Intan, NWB, Blackrock, and Binary datasets:

Alt text

Open Ephys datasets:

Alt text

EMUsort Commands

To show a helpful summary of EMUsort commands:

emusort --help

To simply generate a configuration file (if it doesn't exist), run the below command:

Note: Absolute and relative paths are both acceptable.

emusort --folder /path/to/session_folder

Editing the main configuration file, emu_config.yaml, can be done by running the command below (will be generated from configs/config_template_emu.yaml if it doesn't exist):

emusort --config --folder /path/to/session_folder

If a problem occurs with your emu_config.yaml file and you would like to reset it to the default at configs/config_template_emu.yaml, you can run:

emusort --reset-config --folder /path/to/session_folder

To run a sort directly with the current emu_config.yaml on the dataset(s) in the session folder, run:

emusort --sort --folder /path/to/session_folder

For Kilosort4 emulation runs, you can include the --ks4 flag. See Running EMUsort As If Default Kilosort4 for more details.

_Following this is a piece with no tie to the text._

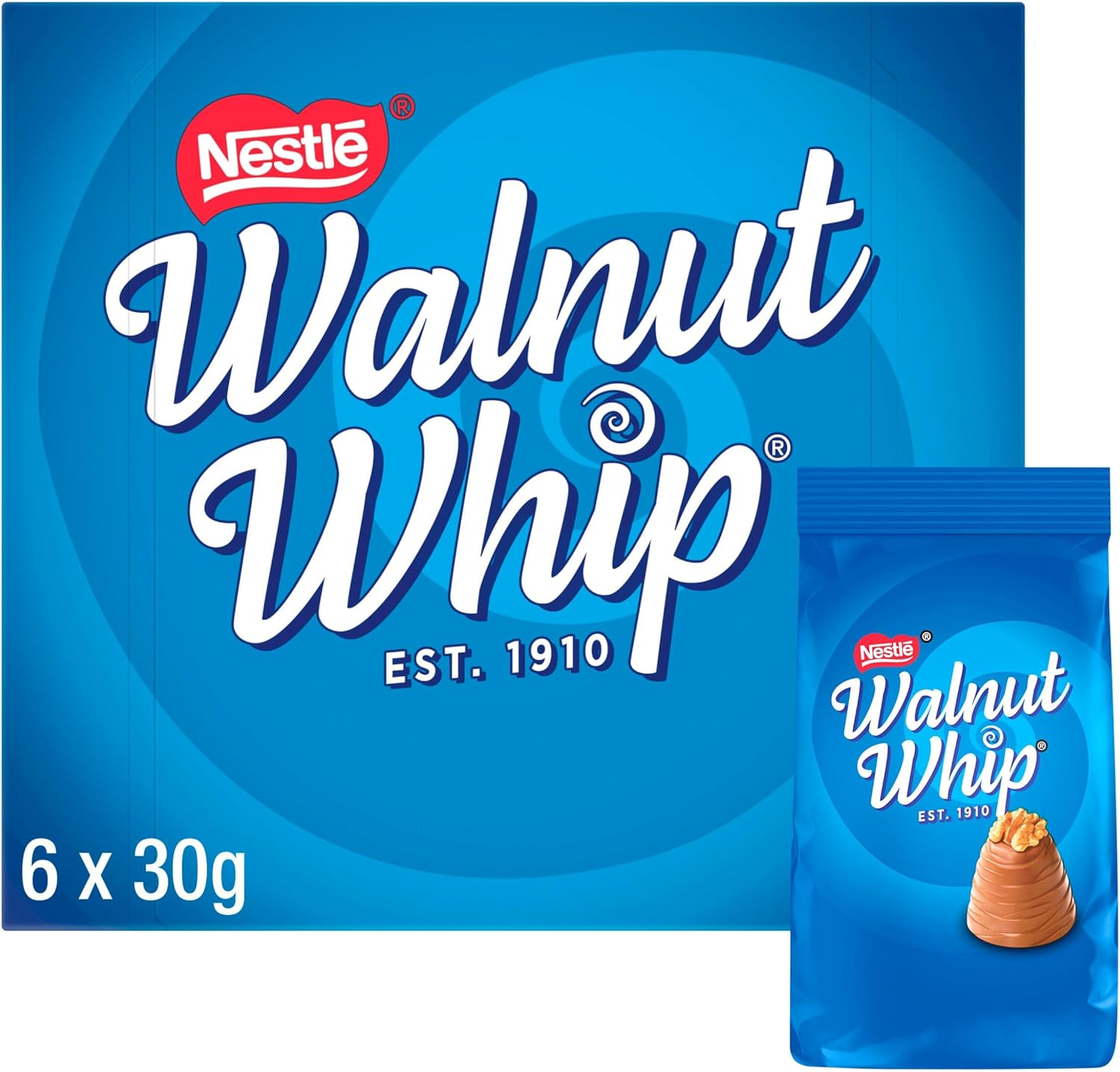 Walnut Whip Milk Chocolate Multipack, 10 Pack of 6 x 30 g (Total 60 Chocolates)

If you want to specify multiple settings at the same time, you can append any combination of the below commands to the command line after emusort.

Note: For all commands, there is a short-form equivalent. The flags can be used in any order, but the path must always follow directly after the --folder flag.

--help, -h
--folder /path/to/session_folder, -f ./session_folder
--config, -c
--reset-config, --r
--sort, -s
--ks4, -k

As an example of using multiple commands, if you want to reset to the default configuration file, edit the new emu_config.yaml, and also spike sort immediately after saving, you can run the below:

emusort --reset-config --config --sort --folder /path/to/session_folder

Inspecting and Curating with phy

To view and analyze the latest sort with Phy GUI, you can either copy and paste the suggested phy command in the terminal output, or navigate into the latest sorted_### folder, and execute:

phy template-gui params.py

For more information on phy, see the documentation at the main GitHub repository: https://phy.readthedocs.io/en/latest/

Advanced Usage

Automatically Activate the Environment

To automatically activate the environment each time you open a new terminal, append to the end of your ~/.bashrc file the activation command, depending on which environment manager you are using, execute:

Windows only: If using GitBash (recommended), you may need to replace ~/.bashrc with ~/.bash_profile in the below commands. For uv, you must also swap to "source /path/to/repo_folder/.venv/Scripts/activate".

uv:

echo "source /path/to/repo_folder/.venv/bin/activate" >> ~/.bashrc # USING YOUR VALID PATH

micromamba:

echo "micromamba activate emusort" >> ~/.bashrc # USING YOUR VALID PATH

conda:

echo "conda activate emusort" >> ~/.bashrc # USING YOUR VALID PATH

Parameter Sweeping Over Multiple Kilosort Parameters to Find the Best Configurations for Your Dataset

EMUsort can now perform parameter sweeps across all parameters under the KS section of the configuration file.

Initial Set Up and Managing Jobs for a Parameter Sweep

If you want to explore different settings for multiple parameters and find the best parameter combinations for your dataset, you can edit the emu_config.yaml file under the Sorting section to enable a parameter sweep. First, you should decide which GPU(s) you want to use during processing. This is usually determined by how much memory each GPU has, and how many sorting processes can fit on a single GPU. You can test empirically to see what arrangement of job loads runs fastest on your system.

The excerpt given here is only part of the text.